A-Klasse 1 ER/PEG: FC Niederlindach - TSV Frauenaurach 2:2

"Wir haben heute alle vier Tore gemacht, aber normalerweise müssen wir das Spiel klar gewinnen", sagte FCN-Abteilungsleiter Horst Biemel. Niederlindach kam gut aus der Kabine, Stanislav Stefanovsky traf sehenswert per Fernschuss (5.). Im Gegenzug gelang Frauenaurach der schmeichelhafte Ausgleich. Krauthäfer flankte scharf, im Zentrum bugsierte Markus Scharf das Leder ins eigene Netz (13.). Im weiteren Verlauf erzielten die Gäste einen Abseitstreffer, ehe das zweite Niederlindacher Eigentor das 1:2 bedeutete. Diesmal war Stefanovsky der Unglücksrabe (45.). Kurz nach Wiederanpfiff wurde eifrig diskutiert. Cosimo Acierno kam zum Abschluss, TSV-Torwart Gebhardt bekam den Ball erst hinter der Linie zu fassen. Doch der Referee verweigerte dem Treffer die Gültigkeit. Wenig später machte es Acierno besser, sein strammer Schuss fand den Weg in die Maschen (57.). Bis zum Ende war Niederlindach weiter am Drücker, Tore fielen aber nicht mehr. TSV-Verteidiger Emakpor sah nach einer Notbremse die Rote Karte (69.).

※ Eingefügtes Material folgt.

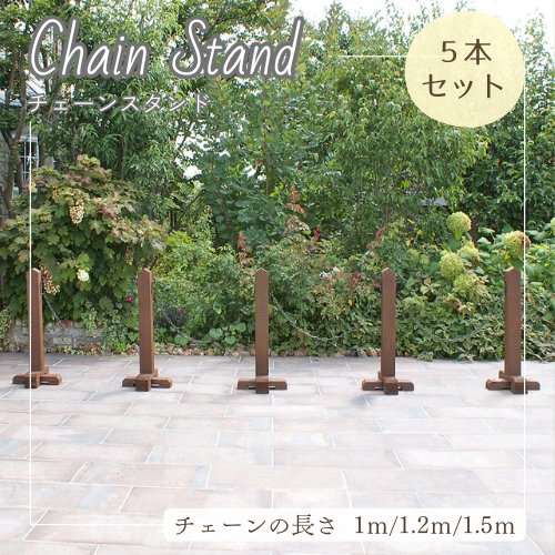 チェーンスタンド おしゃれ 駐車場 ポール 進入禁止 ポール バリケード おしゃれ 木製 ナチュラル 庭 玄関 駐車場 境界 門扉 屋外 重い 5本組

A-Klasse 2 ER/PEG: SC Gremsdorf - TSV Neuhaus 1:5

"Es war vom Anpfiff weg eine einseitige Angelegenheit. Wir haben das Geschehen kontrolliert und das Spiel gemacht", analysierte Gästetrainer Stephan Blersch. Ein weiter Ball auf den schnellen Stephan Nendel bescherte Neuhaus die Führung (6.). Das 0:2 fiel nach dem gleichen Muster, erneut schob Nendel ein (16.). Von den Hausherren kam wenig, so dass der Ex-Gremsdorfer Dominik Warter aus dem Getümmel heraus erhöhte (23.). Im zweiten Abschnitt bot sich ein ähnliches Bild. Neuhaus drängte, Danny Heinrich traf per Flugkopfball zum 0:4 (52.). Gremsdorf kam zwei Minuten später zum Ehrentreffer, Michael Stark staubte ab (54.). Doch das fiel nicht ins Gewicht, Thomas Neuper traf auf Vorlage von Thomas Mühl zum Endstand (59.). "Am Ende haben wir etwas zurückgeschaltet und uns dem Gegner angepasst", so Blersch.